▶ **PROBLEM**
A word-for-word copy of the data is what's wanted, with no pictures.

▶ **DATASET CONTENT**
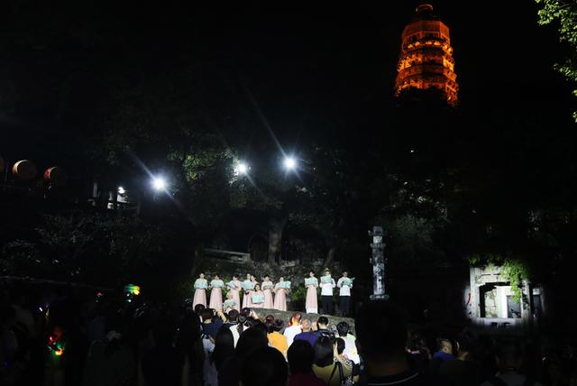 当晚19时30分,千人石至二仙亭区域化身为露天剧场。在优秀青年演员殷立人的解说中,开幕演出在幔亭曲社演绎的《长生殿·定情》[念奴娇序]中开场,悠扬的水磨腔在夜空中回荡。深圳市福田CBD青年昆曲社团张进联带来的《牡丹亭·寻梦》[嘉庆子][尹令],以细腻婉转的唱腔再现杜丽娘的闺阁情思,赢得满堂喝彩。
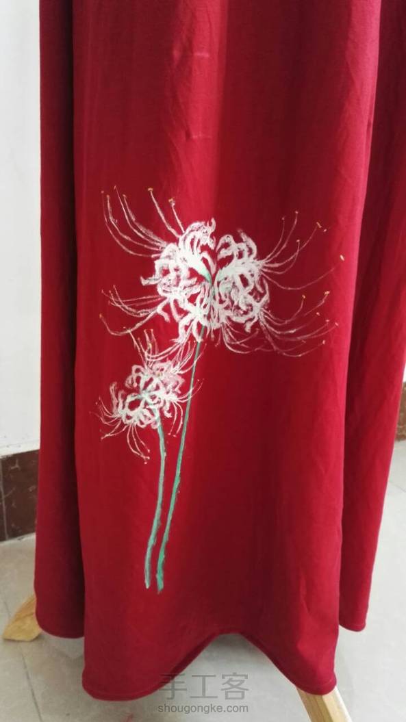 昨晚做好,画好,已经半夜了!困啊~曼珠沙华,彼岸花开~配套上衣还在做,先用别的配着。
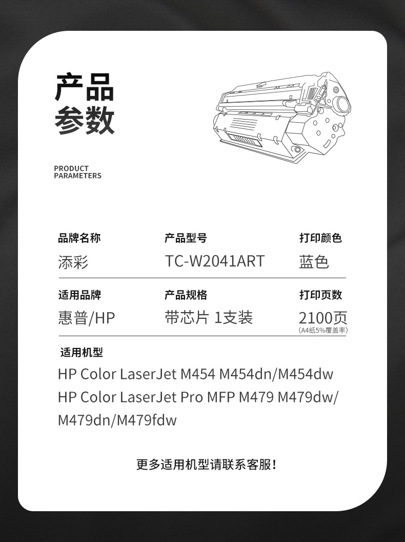 添彩TC-W2041ART商用装适用HP M454/dn/dw打印量2100页 激光碳粉盒 支 蓝色
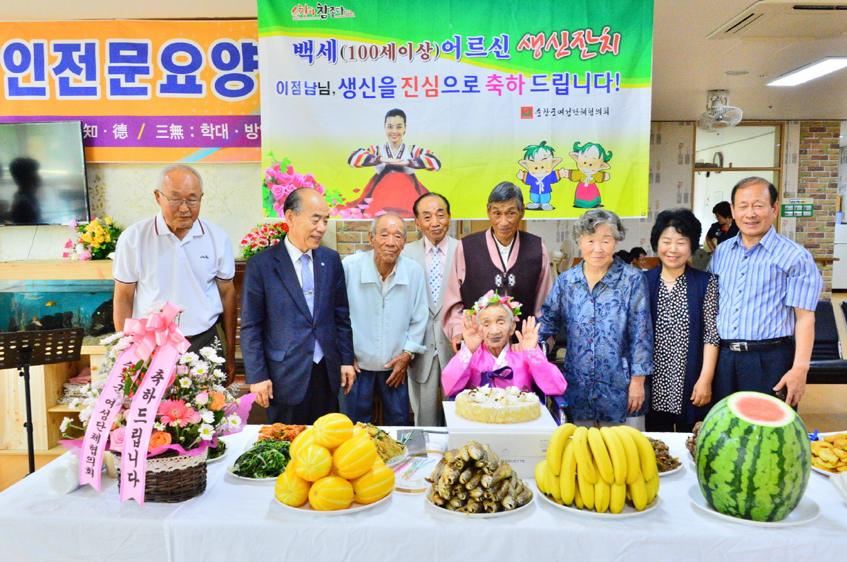 - 13일 순창노인전문요양원에서 올해 100세를 맞은 이정남 어르신의 백세 생신잔치가 가족과 친지들이 모인 가운데 열렸다. -2018년 7월 13일-

▶ **RESPONSE TO THE EXERCISE**
 当晚19时30分,千人石至二仙亭区域化身为露天剧场。在优秀青年演员殷立人的解说中,开幕演出在幔亭曲社演绎的《长生殿·定情》[念奴娇序]中开场,悠扬的水磨腔在夜空中回荡。深圳市福田CBD青年昆曲社团张进联带来的《牡丹亭·寻梦》[嘉庆子][尹令],以细腻婉转的唱腔再现杜丽娘的闺阁情思,赢得满堂喝彩。
 昨晚做好,画好,已经半夜了!困啊~曼珠沙华,彼岸花开~配套上衣还在做,先用别的配着。
 添彩TC-W2041ART商用装适用HP M454/dn/dw打印量2100页 激光碳粉盒 支 蓝色
 - 13일 순창노인전문요양원에서 올해 100세를 맞은 이정남 어르신의 백세 생신잔치가 가족과 친지들이 모인 가운데 열렸다. -2018년 7월 13일-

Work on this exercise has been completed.